◆ **EXERCISE**
Could you write out, exactly, every line from the top of the data through the line holding "中國(guó)中信金融資產(chǎn)管"? Omit the pictures.

◆ **Excerpts from a dataset**
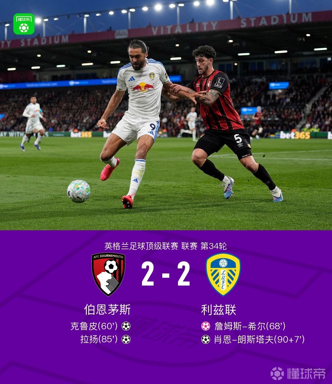北京时间4月23日英格兰足球顶级联赛 联赛 第34轮,伯恩茅斯主场对阵利兹联。伯恩茅斯克鲁皮破门,拉扬破门,詹姆斯-希尔自摆乌龙。利兹联肖恩-朗斯塔夫破门。最终比分伯恩茅斯 2-2 利兹联。
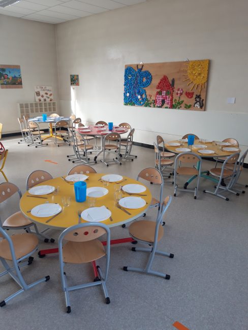 Voici un aperçu de la salle des repas pour les élèves de maternelle
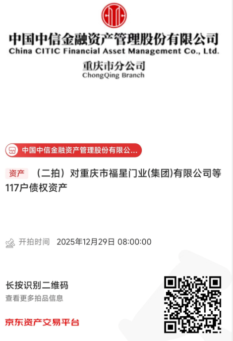 中國(guó)中信金融資產(chǎn)管理股份有限公司重慶市分公司(以下簡(jiǎn)稱我分公司)擁有對(duì)重慶市福星門業(yè)(集團(tuán))有限公司等117戶不良債權(quán)資產(chǎn)。我分公司將于2025年12月29日8:00至2025年12月30日17:30止在京東拍賣網(wǎng)通過(guò)公開競(jìng)價(jià)方式進(jìn)行處置,拍賣鏈接如下圖所示,現(xiàn)予以公告。
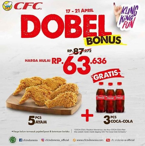 Foto: https://www.instagram.com/cfcindonesia_official/Nah untuk kalian yang lagi pingin makan junk food, mau ayam goreng yang lagi promo? Nah, pas banget nih CFC Dobel Bonus (5 Pcs Ayam + 3 Pcs Coca-cola) yang harganya mulai dari Rp. 63.636. Promo ini berlaku dari 17-21 April 2019 di seluruh gerai CFC. Kalian nggak boleh melewatkan promo ini! Kalian bisa ajak teman-teman atau keluarga setelah nyoblos!
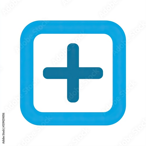 © sakon, Fototapeta premium Blue Plus Sign Icon in Rounded Square Frame on White Background
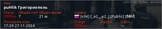 Играет на Counter Strike Source сервере. Страна: РоссияПервый раз замечен 16:11 15.04.2024
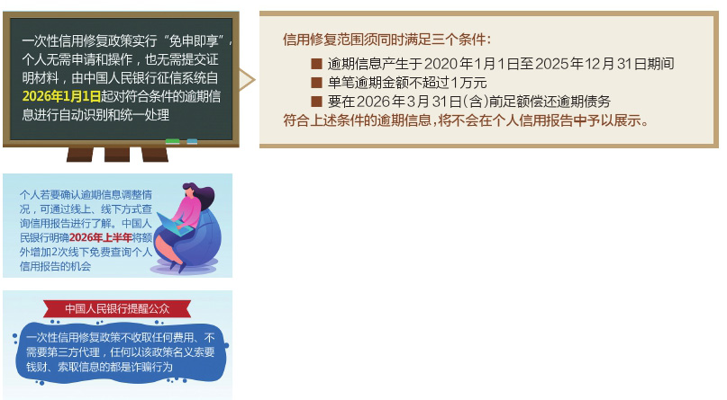 在進(jìn)行必要的技術(shù)準(zhǔn)備后,中國人民銀行于22日明確發(fā)布一次性信用修復(fù)政策有關(guān)安排。自2026年1月1日起征信中心將根據(jù)不同還款情形完成自動調(diào)整,相關(guān)逾期記錄不再在個人信用報告中展示。
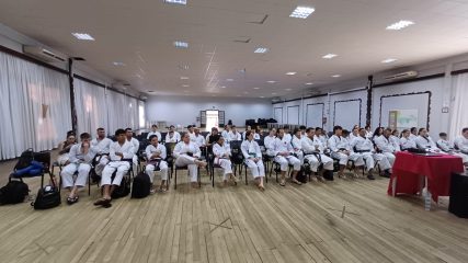 O objetivo do encontro foi atualizar os participantes sobre as novas regras do karatê para 2026, além de oferecer treinamento prático para quem atua na arbitragem das competições. Durante o curso, os participantes também realizaram uma prova escrita para obtenção do credenciamento oficial da federação.
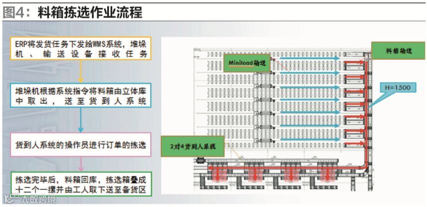 Miniload货架区产品主要作为单件的拣选出库。产品在车间被自动放到周转箱内并由箱式输送线送至库前,Miniload堆垛机同时插取两箱入库存储。当系统下发拣选任务时,Miniload堆垛机插取对应周转箱出库,输送至货到人拣选系统进行多订单的拣选任务。拣选后的订单箱叠成12个一摞,工人利用助力设备将成摞订单箱送至备货区暂存,拣选箱由输送线送回库。

◆ **TASK SOLUTION**
北京时间4月23日英格兰足球顶级联赛 联赛 第34轮,伯恩茅斯主场对阵利兹联。伯恩茅斯克鲁皮破门,拉扬破门,詹姆斯-希尔自摆乌龙。利兹联肖恩-朗斯塔夫破门。最终比分伯恩茅斯 2-2 利兹联。
 Voici un aperçu de la salle des repas pour les élèves de maternelle
 中國(guó)中信金融資產(chǎn)管理股份有限公司重慶市分公司(以下簡(jiǎn)稱我分公司)擁有對(duì)重慶市福星門業(yè)(集團(tuán))有限公司等117戶不良債權(quán)資產(chǎn)。我分公司將于2025年12月29日8:00至2025年12月30日17:30止在京東拍賣網(wǎng)通過(guò)公開競(jìng)價(jià)方式進(jìn)行處置,拍賣鏈接如下圖所示,現(xiàn)予以公告。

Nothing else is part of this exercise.